Editor’s note: On Sunday, June 21 at 7 p.m. ET, NESN will air the “Red Sox Fantasy Draft.” Choosing from a pool of the top players at each position in Red Sox history, six of our MLB analysts will participate in a draft to build the best team they possibly can. In the lead up to that, we’ll be looking back at that top players at each position in franchise history. Today, it’s catchers.
Over the years, the Red Sox have had no shortage of adept backstops who could contribute both with the bat and behind the plate.
In recent memory, the Red Sox have been fortunate to have a good bit of stability at the position, which really is the continuation of a trend that’s popped up throughout the franchise’s history of having reliable catchers hanging around for years.
Here are a few of the top catchers in Red Sox history.
Of course, he’s well regarded for one of the most iconic home runs in franchise history, which is part of the reason he is the only catcher to have his number retired by the Red Sox.
But the Hall of Famer had a simply tremendous 11-year run in Boston, batting .284 with 162 homers while driving in 568 runs. He won Rookie of the Year in 1972, was a seven-time All-Star with the Red Sox, won a Gold Glove and received MVP votes in four different seasons. Not bad.
A Red Sox lifer over 15 seasons, Varitek is far and away the top Red Sox catcher since Fisk.
Varitek provided consistently sound game-calling and defense — even if he couldn’t really catch Tim Wakefield — and was a pretty useful hitter, even winning a Silver Slugger for a tremendous 2005 season that also saw him win a Gold Glove, make the All-Star team and receive MVP votes.
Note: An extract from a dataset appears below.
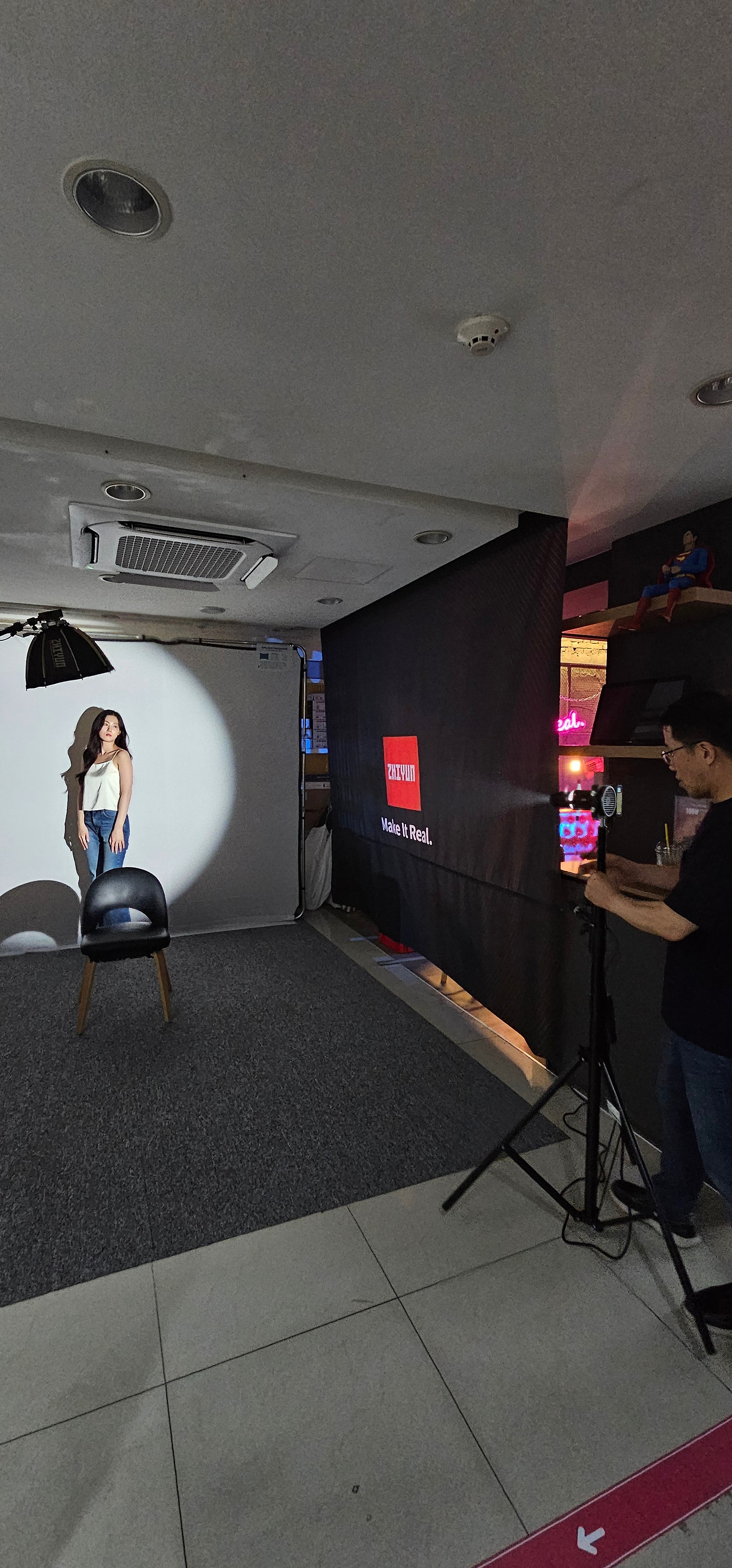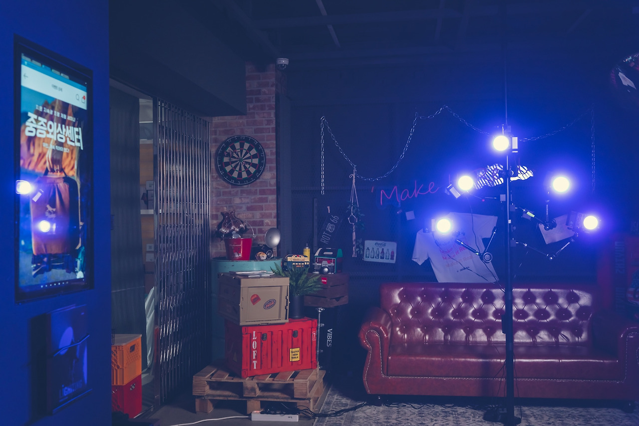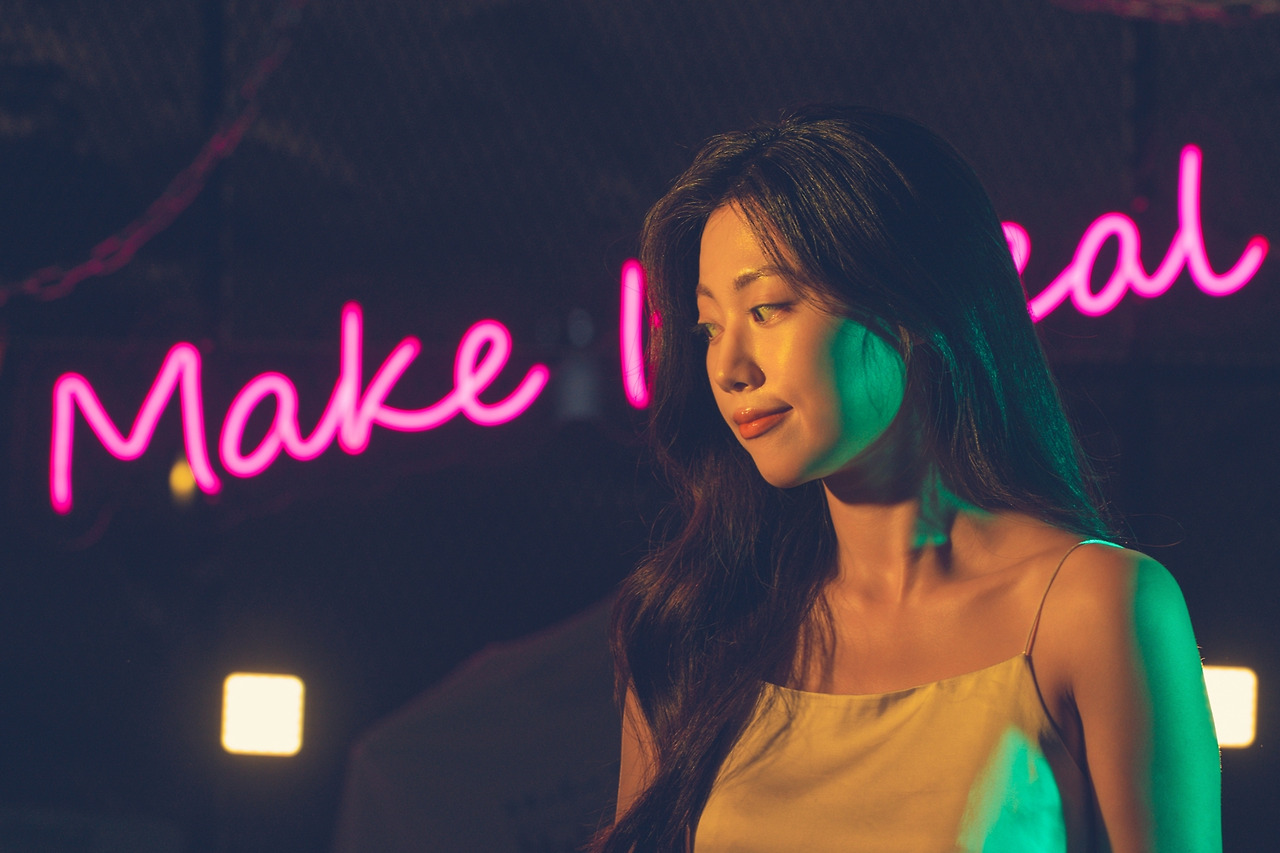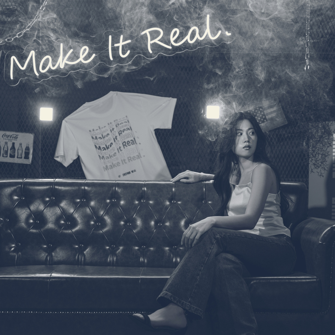 아래는 쉬는 시간을 약간 가진 후 두 번째로 진행한 촬영 컨셉이다. 같은 장소지만 조명을 달리 연출하고, 뒤에 Make It Real 텍스트에 불이 들어오면서 분위기가 완전히 달라진 것을 볼 수 있다. 이 때는 양쪽에 X100 RGB 조명을 각각 배치하여 모델분의 좌우측에 각각 색상을 입혀 촬영하도록 연출되었다.

That he helped guide the Red Sox to a pair of World Series titles during his career is a plus, as well.
What sometimes keeps Ferrell from being named as one of the top catchers in Red Sox history is that he played just five of his 18 pro seasons with the Red Sox and it was in an era in which Boston was not that good. But man, could Ferrell do a lot.
The Baseball and Red Sox Hall of Famer was as solid a defensive catcher as they come, often posting a caught stealing percentage above the league average. He also hit .302 with the Red Sox and seldom struck out, even if he didn’t often hit homers. Ferrell was an All-Star in four of his seasons with Boston.
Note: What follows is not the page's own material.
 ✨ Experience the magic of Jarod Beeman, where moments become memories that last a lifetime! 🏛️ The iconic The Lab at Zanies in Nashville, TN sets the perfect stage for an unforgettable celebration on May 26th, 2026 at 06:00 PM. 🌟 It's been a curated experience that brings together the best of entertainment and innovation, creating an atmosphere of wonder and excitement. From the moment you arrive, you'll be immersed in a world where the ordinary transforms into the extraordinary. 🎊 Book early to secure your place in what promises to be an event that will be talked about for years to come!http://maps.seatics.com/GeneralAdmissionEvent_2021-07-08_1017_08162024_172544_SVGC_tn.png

Above all else, Gedman is a really cool story. He was a local kid who had a solid decade with the Red Sox and was behind the plate for some of Roger Clemens’ finest moments in a Boston uniform.
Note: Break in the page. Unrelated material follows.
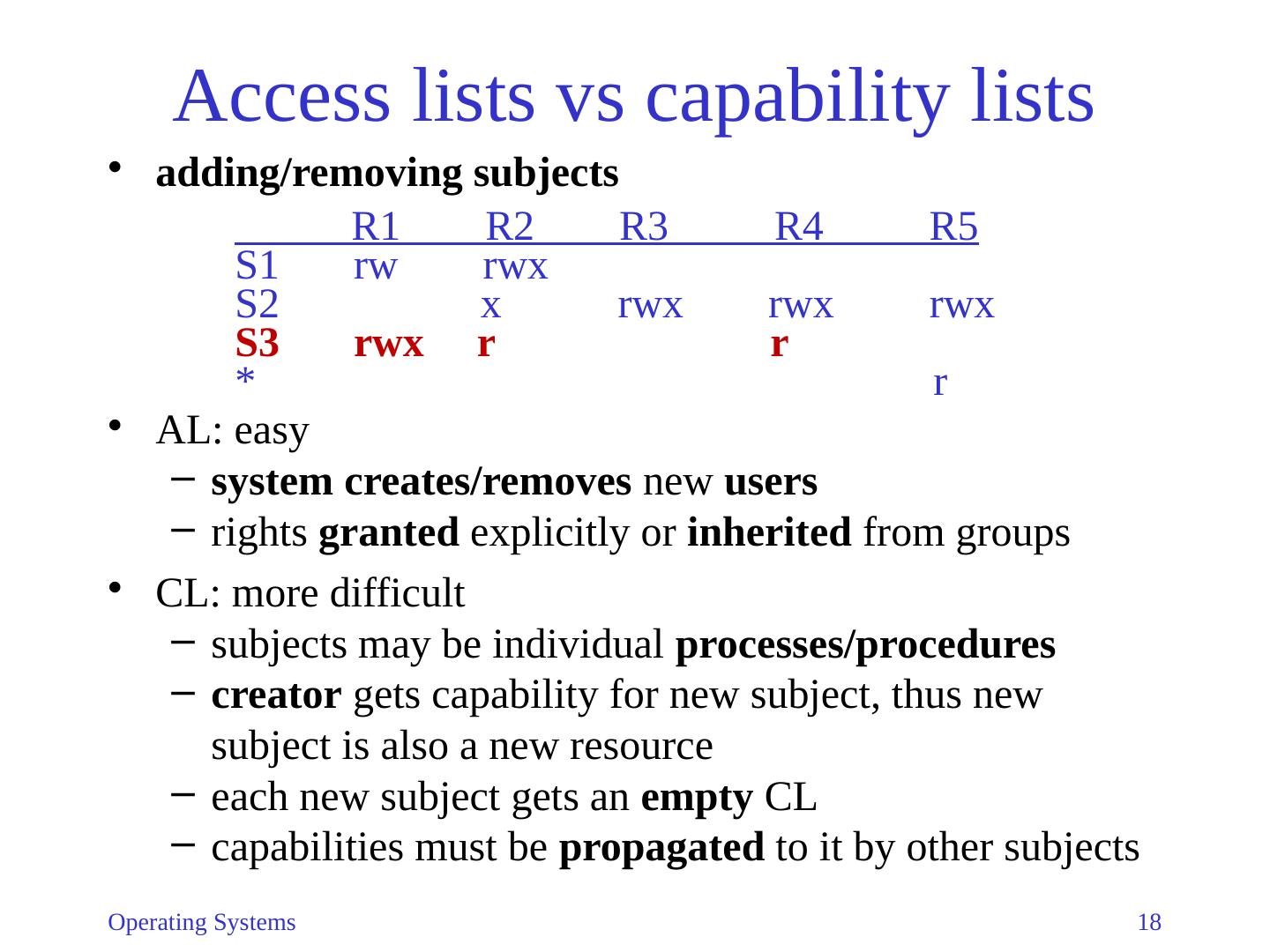 16 .Operating Systems 16 Access lists vs capability lists Unix : 3 levels: owner, group, other Multics : segment in ring i may r/w segment in j, if i j segment in i may call segment in j, if: i j ; parameters must be copied to ring j j<i and called segment in j specifies a limit k where ik linear ordering of all accesses is very limiting
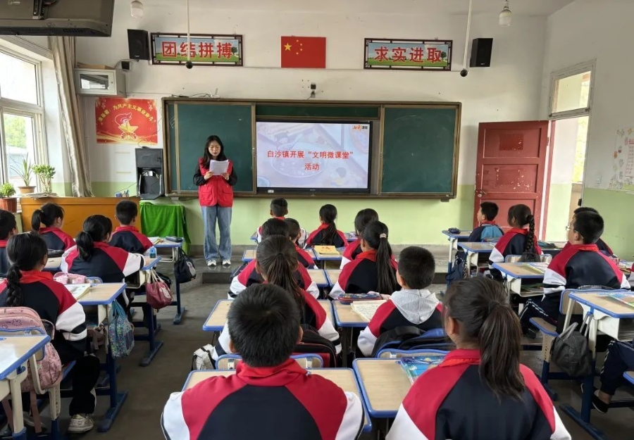 学校课堂传文明。在镇属学校,志愿者通过互动游戏、故事分享、短视频播放等方式,向学生们传授文明行为规范、文明礼仪、道德品质等知识,激发了学生们对文明的向往和追求,培养学生的文明素养,让他们在日常生活中发挥示范和引导作用,从而带动家长也养成文明的行为习惯和道德观念,切实以“小文明”带动“大文明”。

But while his defense was plenty fine, Gedman, like Varitek, was a useful hitter, batting .259 with a .723 OPS over 906 games in Boston. He now serves as the hitting coach for Triple-A Pawtucket and is set to be inducted into the Red Sox Hall of Fame this year.
Longevity is what sets White apart here.
While he was a middle-of-the-road catcher overall, he was good enough to log 981 games for the Red Sox over the course of the 1950s, oftentimes proving to be one of the brighter spots in an otherwise grim set of years for the franchise.